- **Your goal**
Find "Смеющиеся мать и ребенок" in the material below, then write out that line and every line after it exactly, ending with the last one; skip the pictures.

- **Collected data**
*** Begin section ***
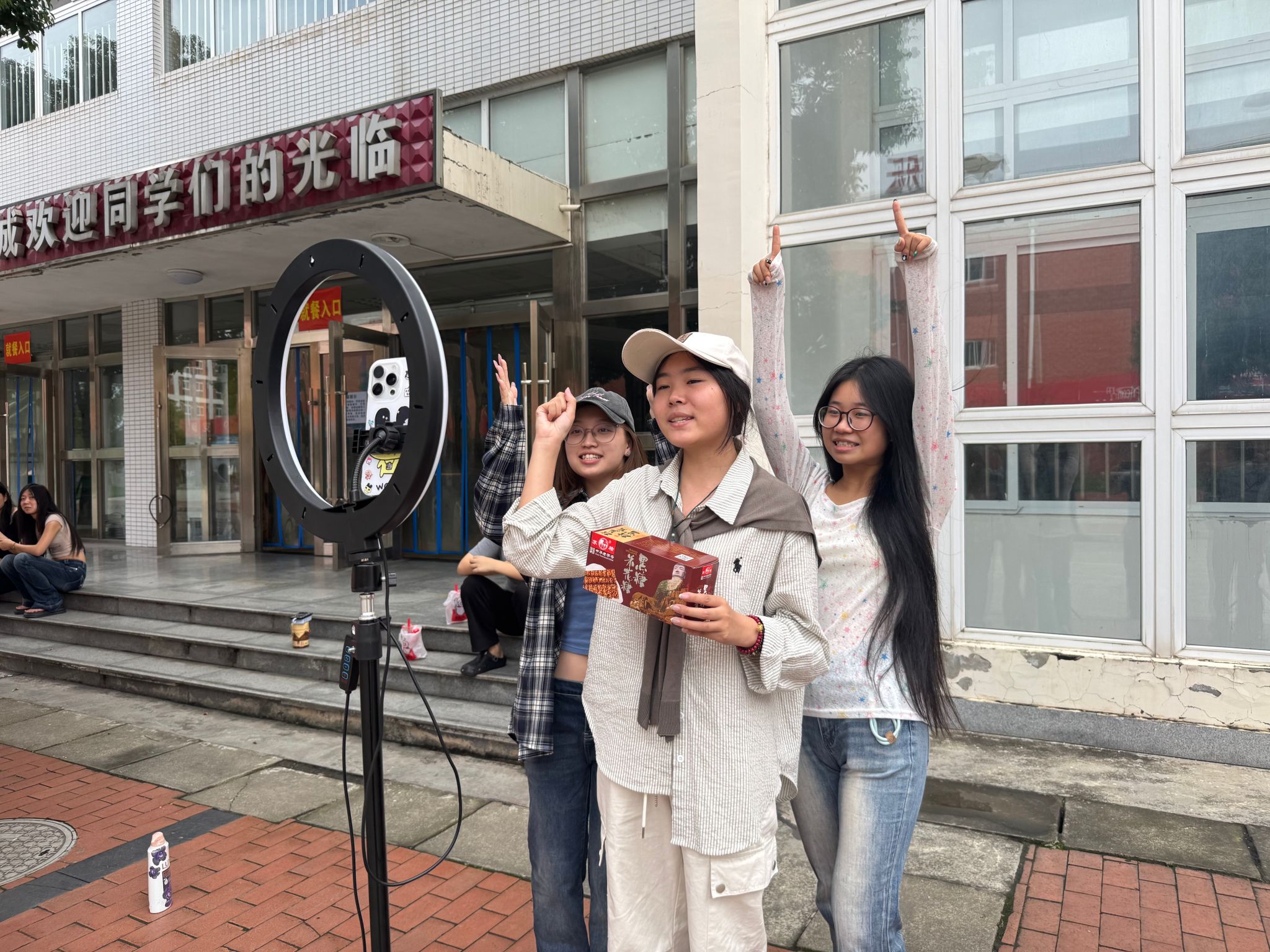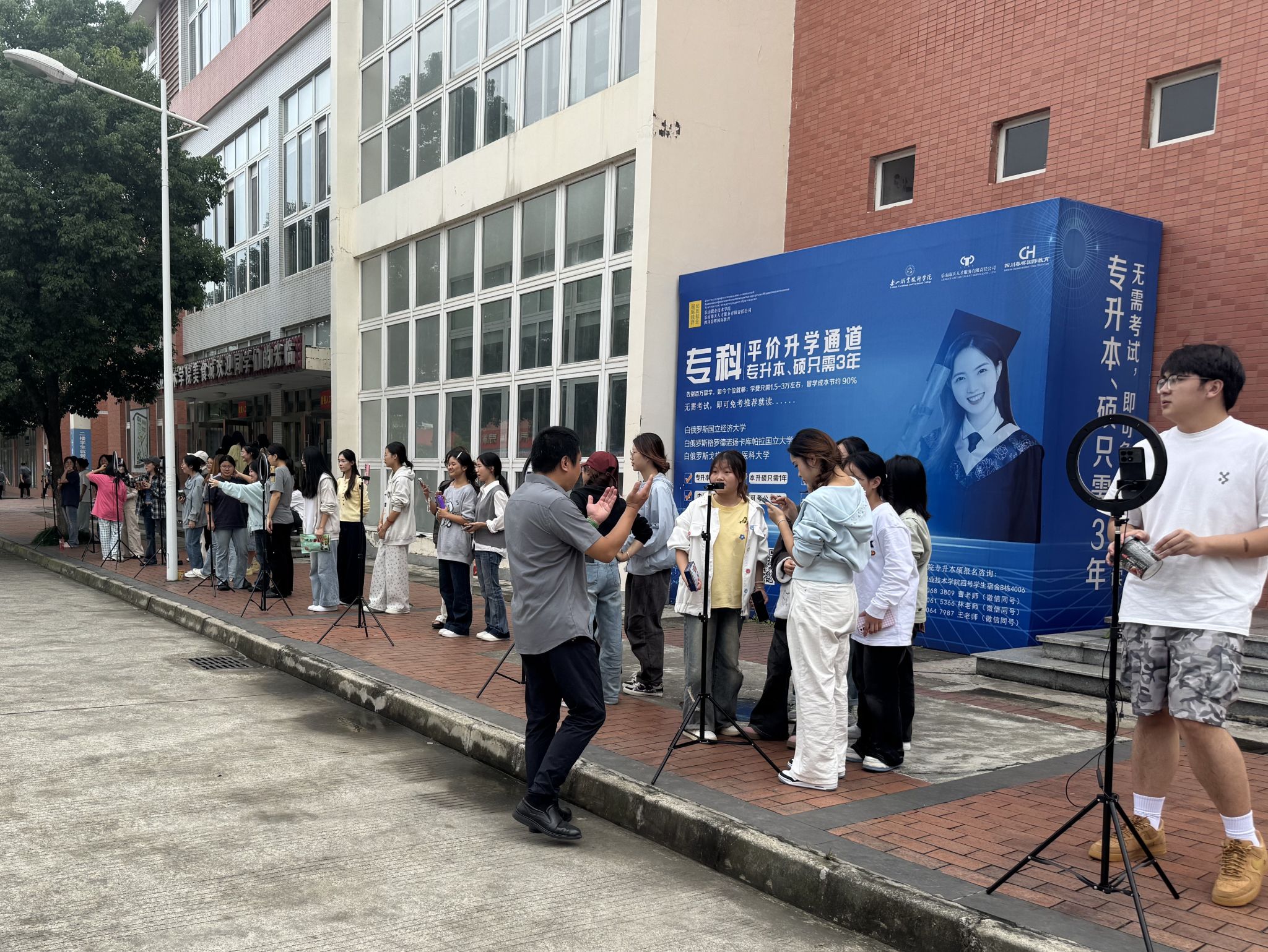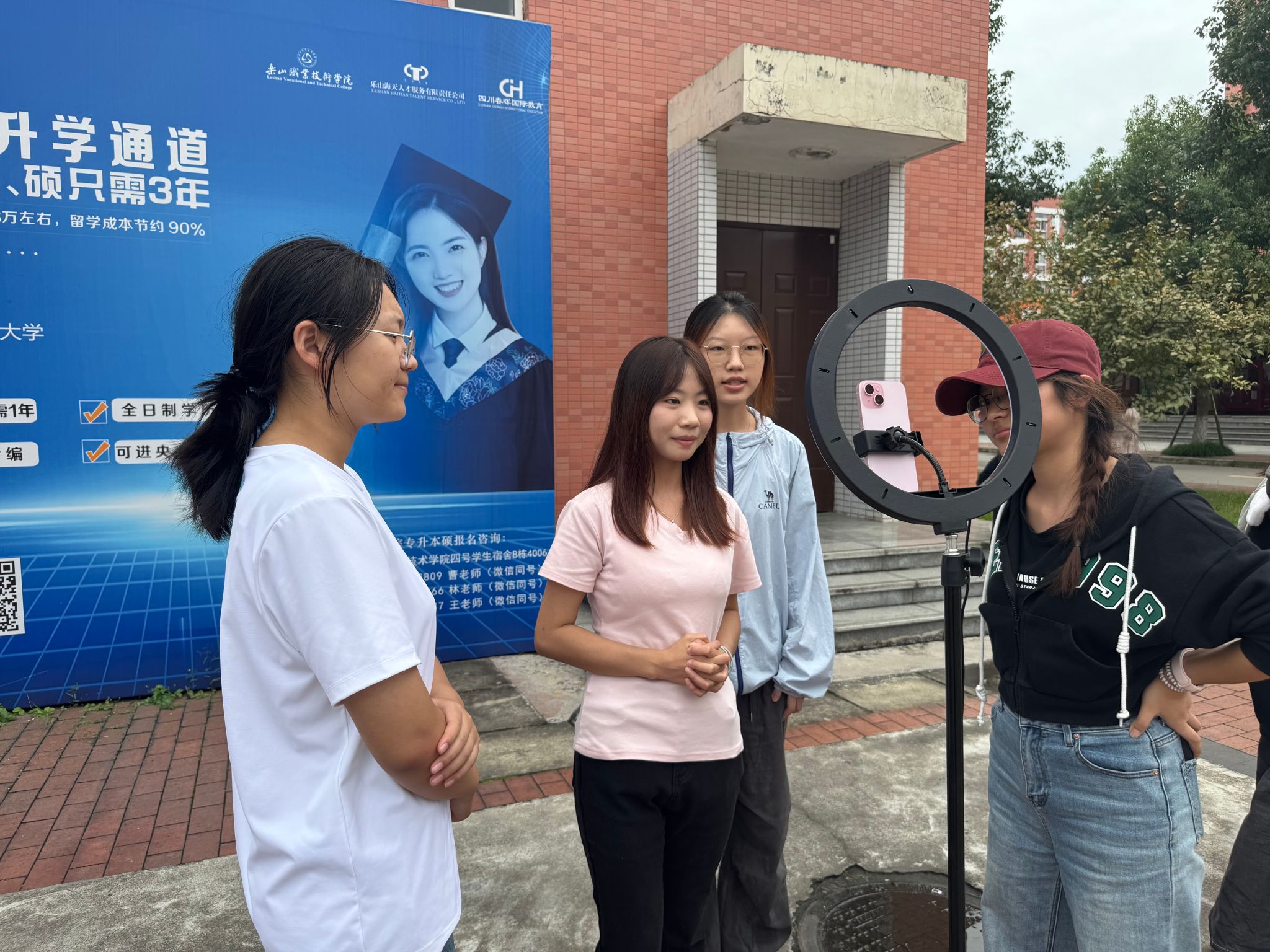 将直播间搬至户外广场,让课堂对接产业需求。9 月 29 日下午,数字经济与管理学院创新教学场景,在校园户外广场开展“主播表现力专项实训”,通过沉浸式、场景化训练破解电商专业学生“镜头恐惧”痛点,为乐山打造 “美食之都”培养实用型直播人才,助力本地美食及农特产品走向更广阔市场。
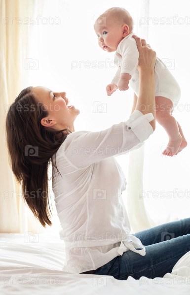 Смеющиеся мать и ребенок
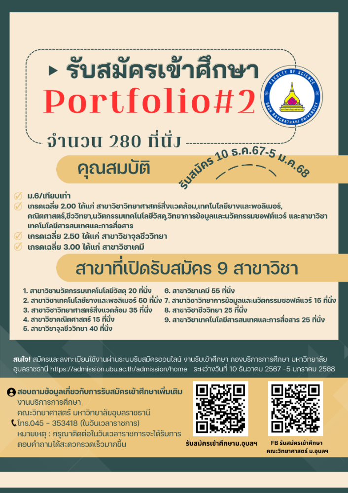 มหาวิทยาลัยอุบลราชธานี กำลังเปิดรับสมัครรอบ Portfolio ครั้งที่ 2 ซึ่งคณะวิทยาศาสตร์เปิดรับถึง 9 สาขาวิชา กว่า 280 ที่นั่ง ขอบอกว่าใกล้ปิดรับสมัครแล้ว ไม่อยากพลาดโอกาสดีๆ แบบนี้ เตรียมเอกสารการสมัครให้พร้อม แล้วเตรียมตัวไปเป็นน้องใหม่ ม.อุบลฯ กัน
*** End section ***
- **The answer**
 Смеющиеся мать и ребенок
 มหาวิทยาลัยอุบลราชธานี กำลังเปิดรับสมัครรอบ Portfolio ครั้งที่ 2 ซึ่งคณะวิทยาศาสตร์เปิดรับถึง 9 สาขาวิชา กว่า 280 ที่นั่ง ขอบอกว่าใกล้ปิดรับสมัครแล้ว ไม่อยากพลาดโอกาสดีๆ แบบนี้ เตรียมเอกสารการสมัครให้พร้อม แล้วเตรียมตัวไปเป็นน้องใหม่ ม.อุบลฯ กัน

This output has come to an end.